I have a model in which two groups are measured on one DV at pre- post- and 3 months following an intervention (the control group did not receive the intervention). I have an interaction effect, which I believe implies that the combination of group and time together influence the DV, and yet the same SPSS ANOVA output shows no main effects. How should I interpret the data? Is there an easy way to do further analyses with SPSS?
Here is an example where there's really no interaction. That means that the effect of factor B is additive and is the same at each level of factor A (the difference between the blue point and the red point is the same across all levels of factor A).
The lines joining the means provide the so-called interaction plot. If there is an interaction then we should not be interested in the main effects (but be careful about the meaning of "no interaction").

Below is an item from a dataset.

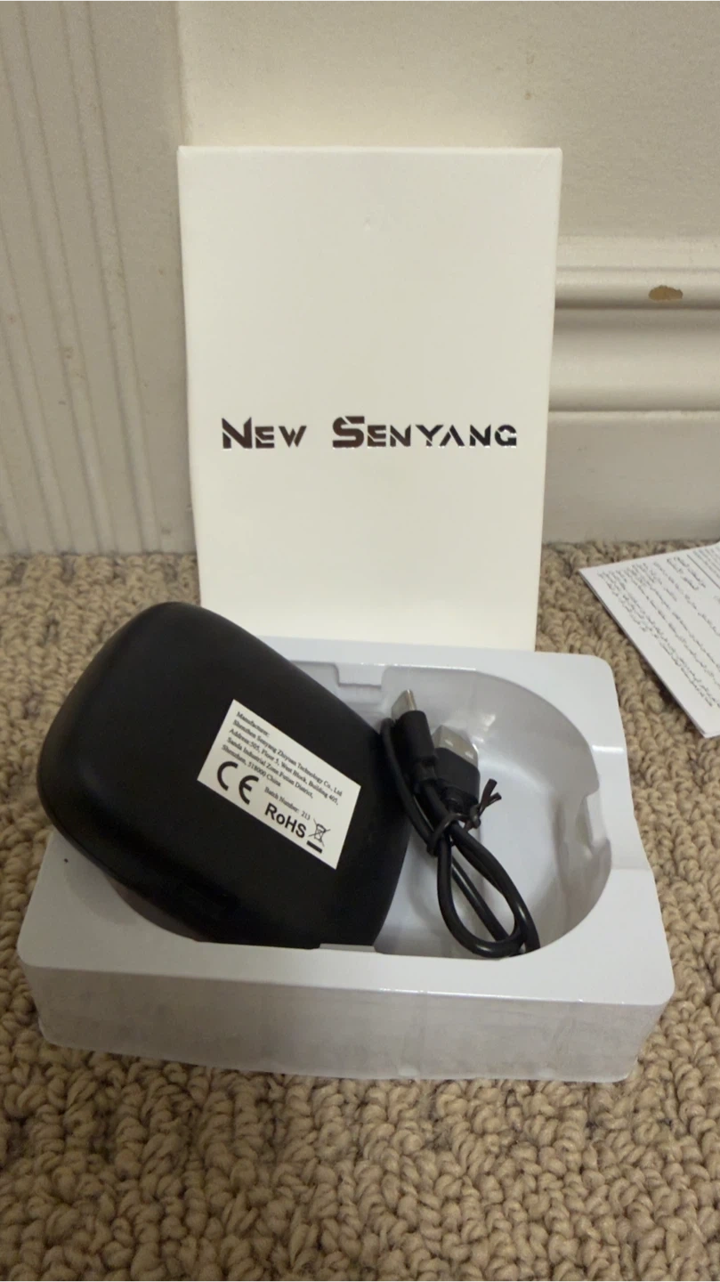 Selling a pair of New Senyang wireless earbuds. They come with their charging case and a USB charging cable. They look to be in great condition and ready for a new owner!

The interaction means that across time the effect of the intervention is changing. That's generally what you want to find. It's possible you don't need anymore tests. If the effect of treatment is small or reversed in the pre and then larger in the post and 3 months then your interaction has shown this pattern to be significant. There's no further test needed.
Many more details, like the pattern of data in a little table, would help others assist in interpretation.
I always recommend plotting the interaction in an interaction plot for interpretation. For instance, you could plot means and error bars (e.g., means +/- one standard deviation) over participants for the three time points, separately for the intervention and control groups. Chances are that the relevant interaction will hit you right between the eyes.
After that, you can do post-hoc tests. These are slightly more complicated for mixed models than for non-mixed ones.